Candidate Survivor: When Push Comes to Pull on the Campaign Trail

Most current analyses of media and the election go to the nature of press coverage of the candidates. Predominantly, these are:

  • unprecedented free time for Donald Trump
  • too many stories critical of Hillary Clinton miscues
  • a changed journalistic approach to coverage of Trump by calling out unsubstantiated and apparently false statements in the same story
  • horse-race coverage of the major candidates
  • total non-coverage of the minor ones.

These may all be true. But this election has a more transformative nature: the emergence of push versus pull candidacies that reflect the changing nature of media itself.

Mid-20th century communications theorist Marshall McLuhan famously espoused a theory that “the medium is the message.” The first televised presidential debate in 1960 highlighted the importance of the medium to viewer perception. John Kennedy didn’t sound impressive on radio, and might well have lost the debate in audio, but he was cool and collected under the television camera lights. His performance was in direct contrast to a sweating, nervous Richard Nixon, whose shifting eyes and un-powdered, five o’clock shadow were prominently visible on camera. It turned out that most people were watching on television, not listening to the radio, and Kennedy won the debate that night.

McLuhan’s essential point still holds, the media themselves are crucial to audience perception. But the media are different. Today, the distinction of significance is push versus pull media.

Push media facilitate a central authority’s sending out messages that the audience simply receives without direct interaction. It is typified by the broadcast media, and characterized by Walter Cronkite’s famous “and that’s the way it is” sign off for his CBS Evening News broadcast.

Pull media is the decentralized, user-generated action made possible by the many-to-many nature of the Internet. The user goes online, finds what he or she needs, usually through search or reference, and pulls it down for personal use, perhaps then to recommend, reconstruct, or retweet it forward. It is searching a concept on Wikipedia, or commenting on a Facebook page.

In the long arc of democratic governance, the movement towards greater control by the electorate would seem to go hand-in-hand with the movement towards pull media.

Certainly, Donald Trump is a push candidate. His methodology, personal characteristics and mindset are authoritarian. In linguist George Lakoff’s framing, Trump offers himself up as the nation’s strict father figure compared to Hillary Clinton’s nurturant parent. Trump uses Twitter extensively, but he does so predominantly to push his own views, not to research, retrieve and learn. On Twitter, Trump has 11.5 million followers but follows only 41 people. True, he does react to tweets, indicating a willingness to engage in the new media, but the mindset is push all the way.

It is a bit harder to identify Hillary Clinton as a pull candidate. She is admittedly less comfortable with the new media, but her personality is much more pulling. She goes on a listening tour. She apparently wants to be responsive to as many people as she can. And she develops and posts extensive policy papers so that voters can find her position on just about any issue.

While Clinton seems reluctant to share personal information, she has disclosed a number of personal items such as her tax returns and, recently, some medical history. In contrast, Trump has refused to disclose tax returns and other personal documents, preferring instead to assert statements about himself that are transmitted over push media. Despite those reluctances by both candidates, much information is being disclosed either via journalistic enterprise or data leaks.

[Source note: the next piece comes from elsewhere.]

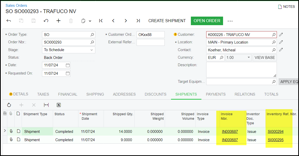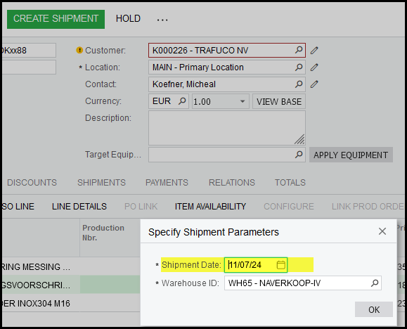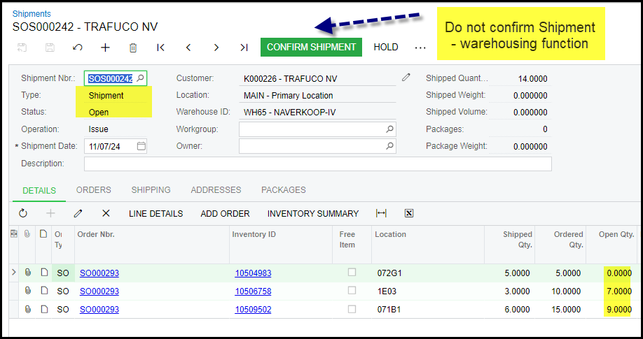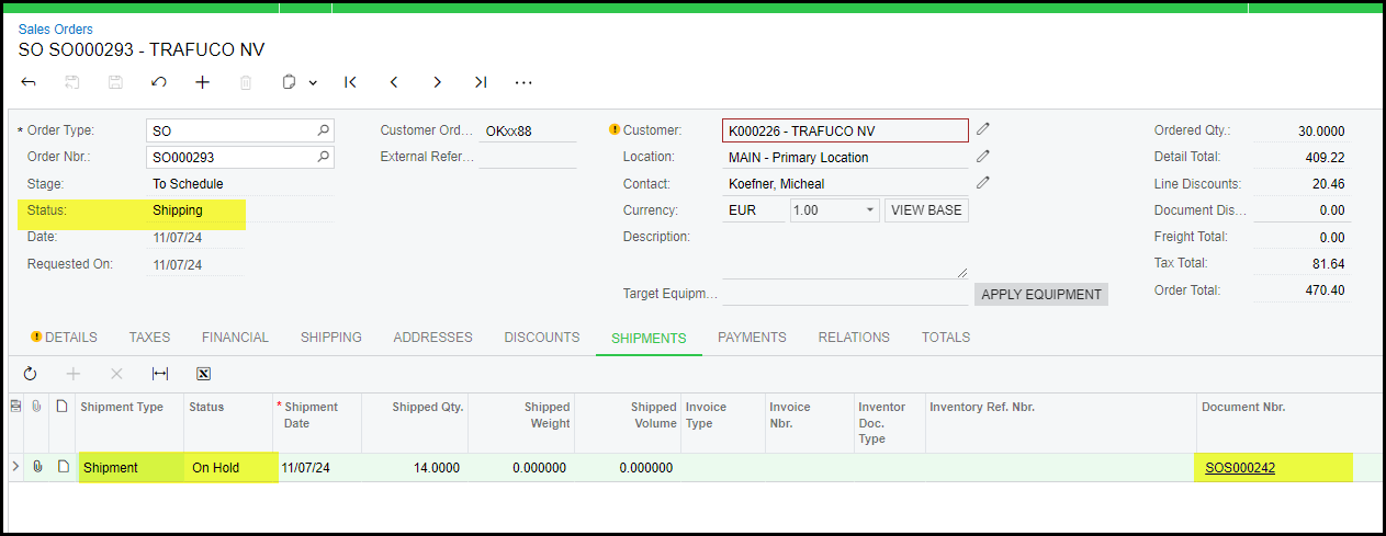 9. The sales order status is 'shipping' and the Shipment is On Hold, Remove Hold - The Status op the Shipment is OPEN - Warehousing

What does this mean for the American voter?

Donald Trump is most at home in front of a TV camera. The Reality TV nature of his campaign is push communication at its current height: all cameras all the time, often revealing whatever comes into his mind at the time. The US election reality show has gone from “The Apprentice” to “American Idol,” as audiences tune in daily to get the latest development. The unreal Reality medium is the new message.

Hillary Clinton and her supportive media such as Occupy Democrats send out memes that, like Trump’s, are repeated and retweeted again and again on social media. Unfortunately, for both candidates these memes and messages often go into an echo chamber where like-minded people convince each other that their candidate is the best.

At this point, the election could very well hang on the outcome of the debates. Indeed, the first one will be the most watched debate in TV history. To continue the analogy, the debates could become “Candidate Survivor.”

One could argue that these debates are centralized, push events. The whole world will be watching, mostly in real time. Perceptions will be made on the spot. That likely favors the push candidate, the one most comfortable in front of the camera, the one projecting a strong voice, and the one who has the strongest currency in the “attention economy”. That is, in a world of information overload, attention is the scarcity, and the ability to gain people’s attention is itself a valuable trait.

In this scenario, the pull candidate would do best after the fact, when factual analyses and political spin are brewed and disseminated. But will the push message drown out the pull process? This is a world of velocity, abundance and iteration, and the one able to push his message through the fog is at an advantage. While pull media are more direct, and satisfying in many ways, they are user-dependent and can fall into the echo chamber.

In this election, the results may very well depend on how citizen-sovereigns view their role. Will they passively receive the messages pushed through the din of information overload? Or will they actively pull in the information they need to make knowledgeable decisions? The new media are indeed the message.